Comparison
A self-hosted, open-source alternative to Factory.ai
Factory.ai proved the “software factory” category is real. It is also closed, hosted, and locked to its own Droid agent. agents-cli is the open counter-position: run whatever agent you already use, on machines you control.
Updated July 1, 2026
$ agents teams start refactor-auth
The category Factory created
Factory.ai sells an agent-native SDLC platform: its Droids take a task, work across a repo, and open a PR, with a hosted control plane and remote compute. Enterprises pay for it, which settles whether the category is real. It is.
The shape of the product is the opening. It is closed source, it runs on Factory's cloud by default, and the agent is theirs. That is a familiar setup with a familiar counter-position — the open, self-hostable one.
Where it stops
- Hosted by default. On-premise / air-gapped is an enterprise, contact-sales path, not the default you install.

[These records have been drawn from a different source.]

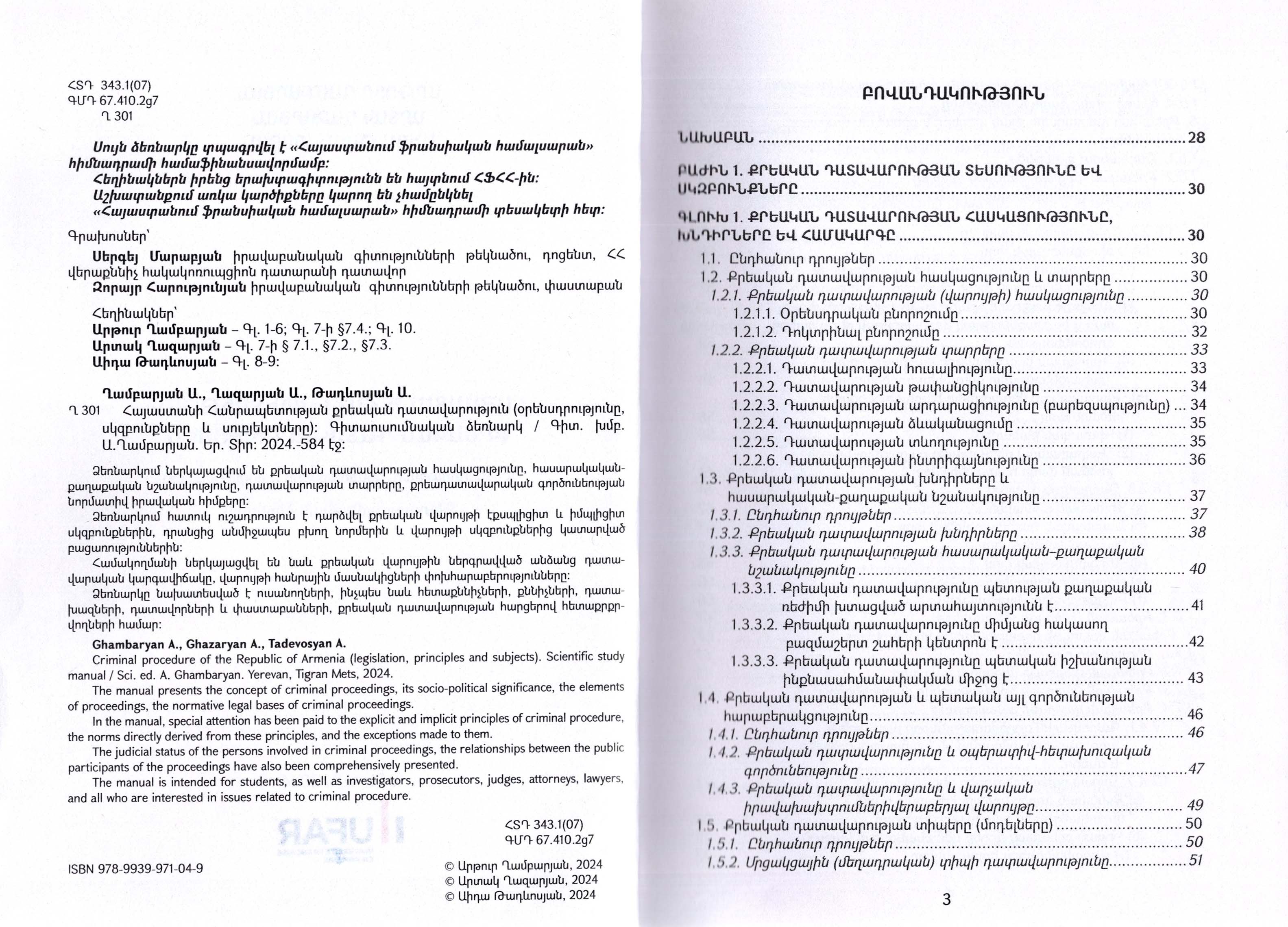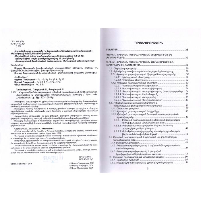 Համակողմանի ներկայացվել են նաև քրեական վարույթին ներգրավված անձանց դատավարական կարգավիճակը, վարույթի հանրային մասնակիցների փոխհարաբերությունները:
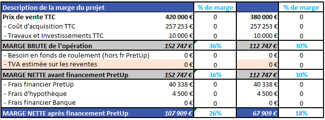 Le prix cible étant positionné légèrement au-dessus des standards du marché, nous avons également estimé la marge dans l’hypothèse d’un prix de vente moins favorable (380K€). Dans ce contexte, la marge nette après financement PretUp ressort à 68K€ soit 18% du montant de l’opération.
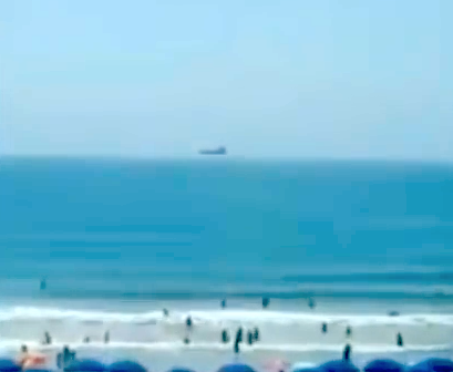 Date of sighting: June 7, 2016 Location of sighting: Cocoa Beach, Florida, USA This looks to me like a UFO that has risen out of the water and is hovering over the water. UFOs often try to discuss themselves, thats not news to most of us. They make themselves look like meteors as they enter the atmosphere. They make themselves look like passengers jets, but morph. Now we have evidence that they make themselves look like ships...but they fly. You see, they can play their tricks all they want, but sooner or later they get caught. Scott C. Waring www.ufosightingsdaily.com Eyewitness states: The video captured the rare Fata Morgana Mirage at Cocoa Beach, Florida.
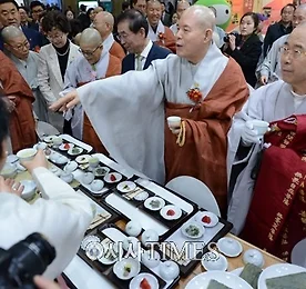 서울국제불교박람회, 개막 첫날 관람객 1만5천 여명 모여300여 업체 430부스 참가…역대 최대 규모 [시사타임즈 = 우경현 기자] 2016서울국제불교박람회(이하 불교박람회)가 4일 간의 축제를 시작했다. 불교박람회는 3월24일 오전 10시 30분 서울무역전시컨벤션센터(3호선 학여울역)에서 개막식을 봉행했다. ▲2016서울국제불교박람회에 사찰음식을 시음하고 있 박원순 서울시장과 스님들 (사진제공 = 서울국제불교박람회 사무국) ⒞시사타임즈 이날 개막식에는 조계종 총무원장 자승 스님, 천태종 총무원장 춘광 스님, 동국대학교 이사장 성타 스님, 전국비구니회 회장 육문 스님을 비롯해 문화체육관광부 김종 제2차관, 박원순 서울시장, 스리랑카 마니샤 구나세케라 대사, 네팔 키란샤캬 대사, 새누리당 황인자 의원, 국..

- Bring-your-own-model is not bring-your-own-privacy. Factory's own Droid Computers page describes BYOM compute connecting outbound to Factory's backend.
- One agent. You run Droids. You do not run Claude Code, Codex, or Cursor through Factory. The agent is part of the lock-in.
None of this makes Factory.ai wrong. It makes it a hosted platform — a different thing from a tool that runs on your PATH.
On your machines
agents-cli spawns whatever agent you already have — Claude Code, Codex, Gemini, Cursor, Droid, OpenCode — as a local subprocess, in a git worktree, on hardware you own. Parallel work runs as a team of those subprocesses, each isolated in its own worktree so they do not collide.
When one laptop is not enough, dispatch a task to another machine you control — a spare Mac, a VPS, a box on your tailnet. The source is cloned into a worktree on that machine, the agent runs there, and the logs stream back. No third party in the middle; your code never leaves infrastructure you own.
Side by side
| Capability | agents-cli | Factory.ai |
|---|---|---|
| Source code stays on your machinesFactory: on-premise is enterprise, contact-sales | yes | partial |
| Run any agent (Claude Code, Codex, Gemini, Cursor)Factory runs its own Droid agent | yes | no |
| Open source (MIT) | yes | no |
| Bring your own compute — a spare Mac, a VPS, a cluster | yes | partial |
| Pin agent versions per project | yes | no |
| Managed cloud, support SLAs, enterprise onboardingthis is where Factory is strong | no | yes |
Factory.ai capabilities summarized from its public product, pricing, and Droid Computers pages as of July 2026. Check current terms before relying on any single row.
When Factory is the right call
If you want a managed platform with support, an enterprise onboarding motion, and a team that operates the control plane for you, Factory.ai is built for that and agents-cli is not. agents-cli is per-developer infrastructure: you run it, you host it, you own the uptime. The trade is control for convenience, both directions.
The question that decides it is narrow: does your source need to stay on machines you control, and do you want to keep the agent you already know? If yes to either, the self-hosted, agent-agnostic path is the fit.